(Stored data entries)
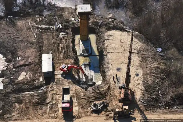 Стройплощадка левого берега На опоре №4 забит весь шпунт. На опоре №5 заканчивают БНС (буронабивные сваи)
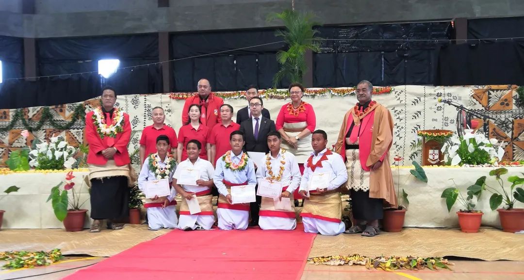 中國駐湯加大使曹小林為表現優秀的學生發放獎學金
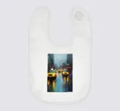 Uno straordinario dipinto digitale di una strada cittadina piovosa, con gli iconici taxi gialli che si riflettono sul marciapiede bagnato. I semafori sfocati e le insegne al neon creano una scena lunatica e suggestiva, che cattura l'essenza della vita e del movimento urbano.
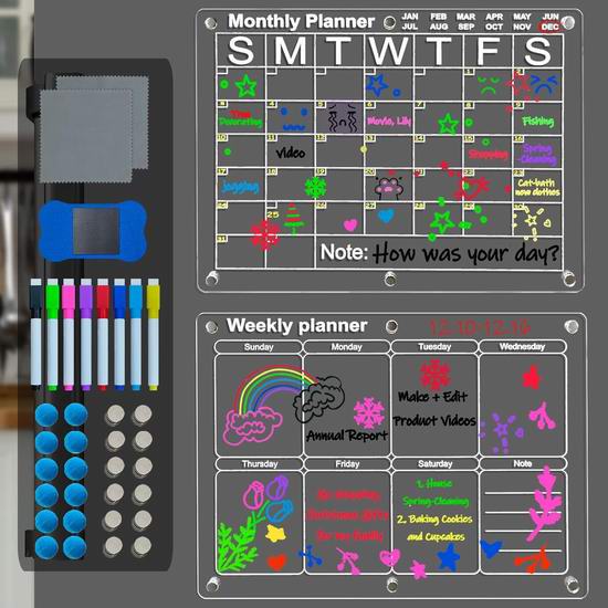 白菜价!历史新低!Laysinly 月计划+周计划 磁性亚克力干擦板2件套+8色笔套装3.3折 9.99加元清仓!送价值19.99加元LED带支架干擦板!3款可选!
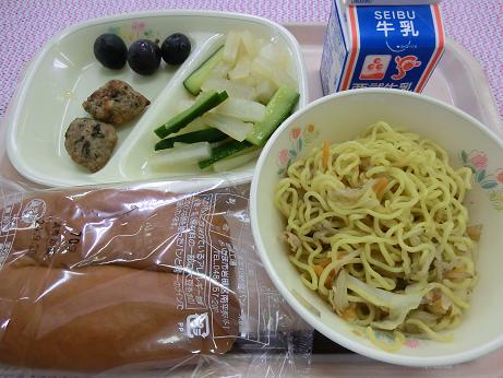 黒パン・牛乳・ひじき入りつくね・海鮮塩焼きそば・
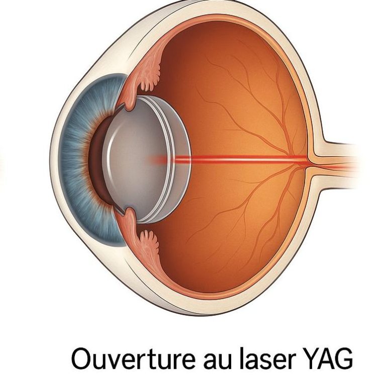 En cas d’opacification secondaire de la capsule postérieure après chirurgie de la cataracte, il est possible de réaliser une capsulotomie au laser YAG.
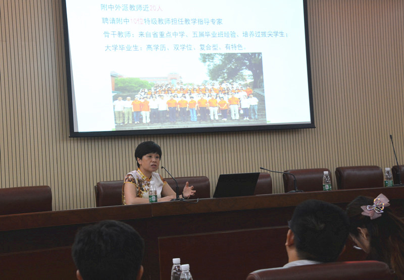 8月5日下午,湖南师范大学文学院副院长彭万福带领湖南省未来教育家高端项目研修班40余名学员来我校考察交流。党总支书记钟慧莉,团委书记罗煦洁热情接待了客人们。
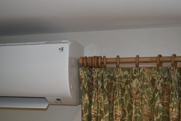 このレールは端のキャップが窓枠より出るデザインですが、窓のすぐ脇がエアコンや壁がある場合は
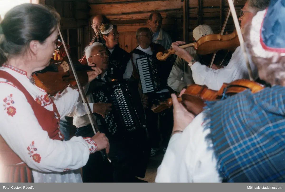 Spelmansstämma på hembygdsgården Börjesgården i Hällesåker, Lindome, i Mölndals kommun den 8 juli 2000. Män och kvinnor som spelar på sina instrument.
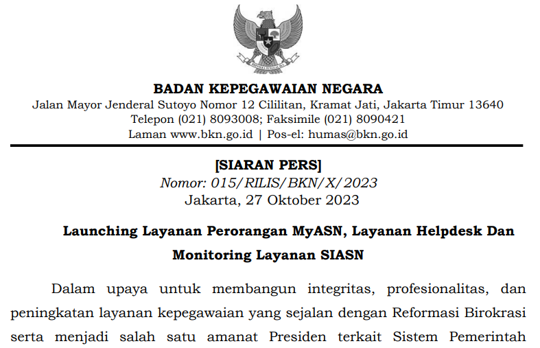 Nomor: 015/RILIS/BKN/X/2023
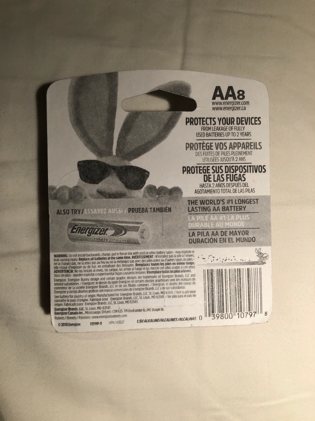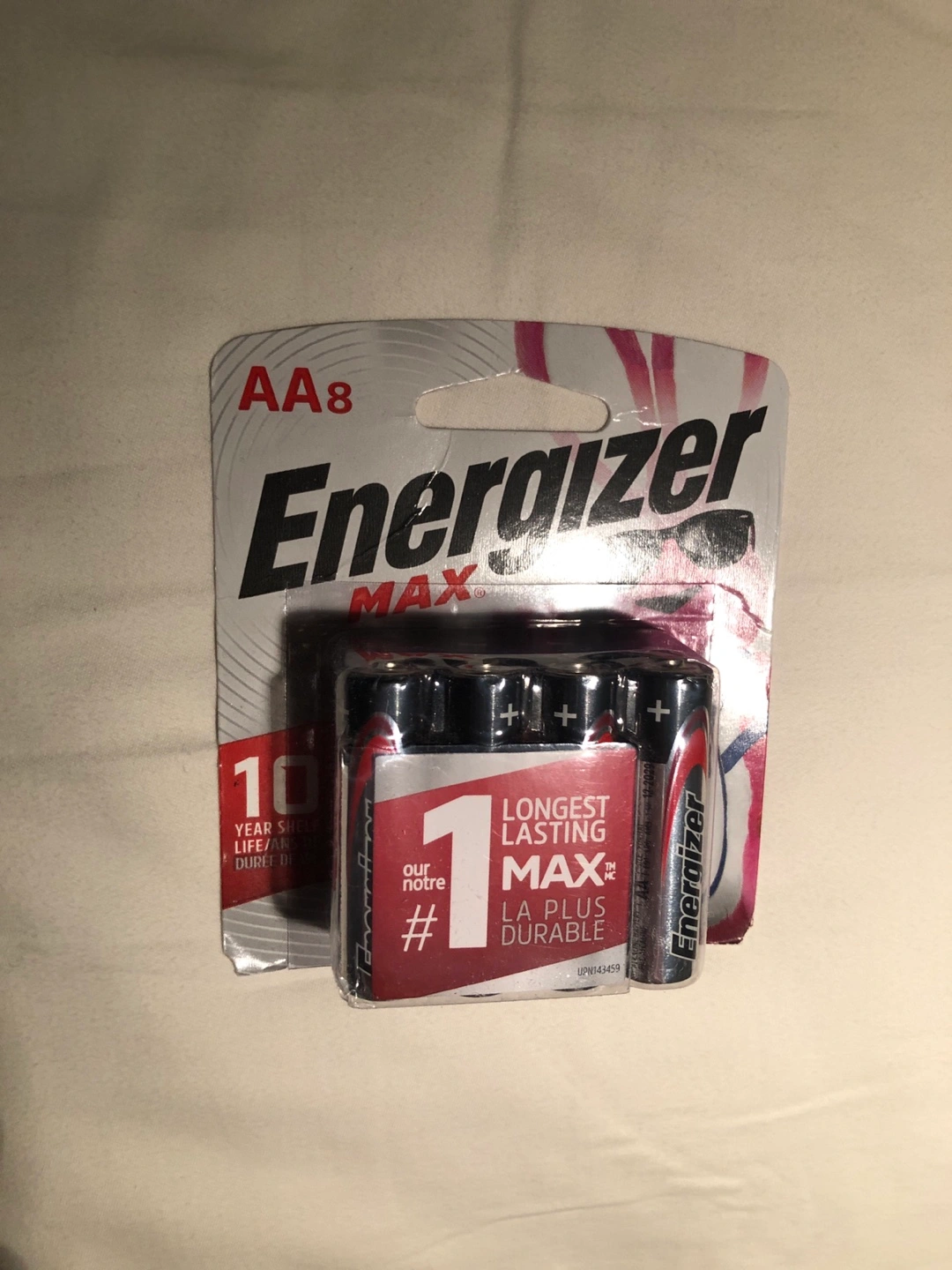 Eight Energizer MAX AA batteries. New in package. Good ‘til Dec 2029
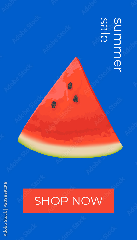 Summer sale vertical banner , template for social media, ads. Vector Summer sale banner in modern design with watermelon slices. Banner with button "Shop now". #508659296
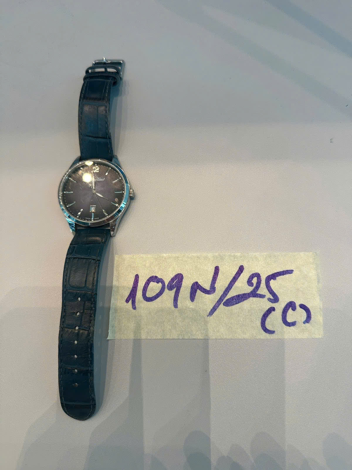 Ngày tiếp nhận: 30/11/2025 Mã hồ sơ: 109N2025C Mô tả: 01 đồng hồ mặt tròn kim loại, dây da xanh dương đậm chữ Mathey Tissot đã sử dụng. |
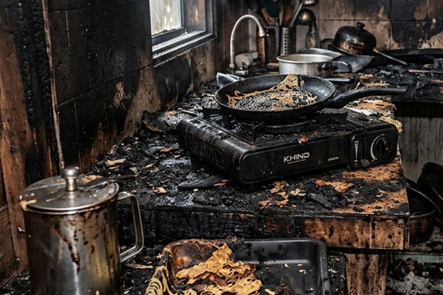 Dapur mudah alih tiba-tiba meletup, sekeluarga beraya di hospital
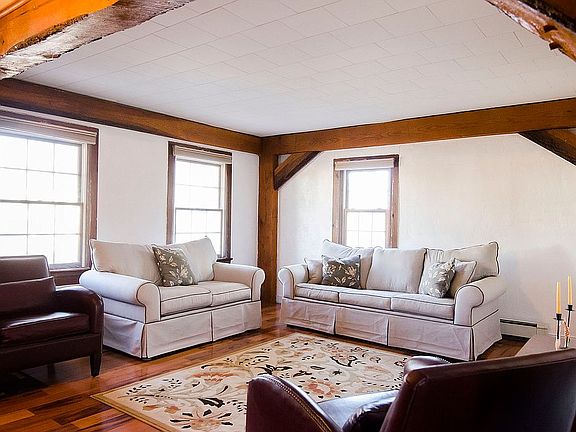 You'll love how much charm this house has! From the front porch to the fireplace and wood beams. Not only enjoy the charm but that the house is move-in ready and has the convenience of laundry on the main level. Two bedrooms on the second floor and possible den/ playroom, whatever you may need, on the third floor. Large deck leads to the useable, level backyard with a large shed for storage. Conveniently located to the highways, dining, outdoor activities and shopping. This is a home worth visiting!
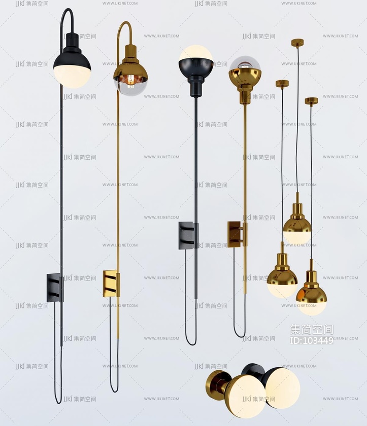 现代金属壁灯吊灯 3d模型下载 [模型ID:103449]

- [EXERCISE BRIEF] This task asks for the data above repeated exactly, without a single picture.

- [EXERCISE SOLUTION]
 Стройплощадка левого берега На опоре №4 забит весь шпунт. На опоре №5 заканчивают БНС (буронабивные сваи)
 中國駐湯加大使曹小林為表現優秀的學生發放獎學金
 Uno straordinario dipinto digitale di una strada cittadina piovosa, con gli iconici taxi gialli che si riflettono sul marciapiede bagnato. I semafori sfocati e le insegne al neon creano una scena lunatica e suggestiva, che cattura l'essenza della vita e del movimento urbano.
 白菜价!历史新低!Laysinly 月计划+周计划 磁性亚克力干擦板2件套+8色笔套装3.3折 9.99加元清仓!送价值19.99加元LED带支架干擦板!3款可选!
 黒パン・牛乳・ひじき入りつくね・海鮮塩焼きそば・
 En cas d’opacification secondaire de la capsule postérieure après chirurgie de la cataracte, il est possible de réaliser une capsulotomie au laser YAG.
 8月5日下午,湖南师范大学文学院副院长彭万福带领湖南省未来教育家高端项目研修班40余名学员来我校考察交流。党总支书记钟慧莉,团委书记罗煦洁热情接待了客人们。
 このレールは端のキャップが窓枠より出るデザインですが、窓のすぐ脇がエアコンや壁がある場合は
 Spelmansstämma på hembygdsgården Börjesgården i Hällesåker, Lindome, i Mölndals kommun den 8 juli 2000. Män och kvinnor som spelar på sina instrument.
 Nomor: 015/RILIS/BKN/X/2023
 Eight Energizer MAX AA batteries. New in package. Good ‘til Dec 2029
 Summer sale vertical banner , template for social media, ads. Vector Summer sale banner in modern design with watermelon slices. Banner with button "Shop now". #508659296
 Ngày tiếp nhận: 30/11/2025 Mã hồ sơ: 109N2025C Mô tả: 01 đồng hồ mặt tròn kim loại, dây da xanh dương đậm chữ Mathey Tissot đã sử dụng. |
 Dapur mudah alih tiba-tiba meletup, sekeluarga beraya di hospital
 You'll love how much charm this house has! From the front porch to the fireplace and wood beams. Not only enjoy the charm but that the house is move-in ready and has the convenience of laundry on the main level. Two bedrooms on the second floor and possible den/ playroom, whatever you may need, on the third floor. Large deck leads to the useable, level backyard with a large shed for storage. Conveniently located to the highways, dining, outdoor activities and shopping. This is a home worth visiting!
 现代金属壁灯吊灯 3d模型下载 [模型ID:103449]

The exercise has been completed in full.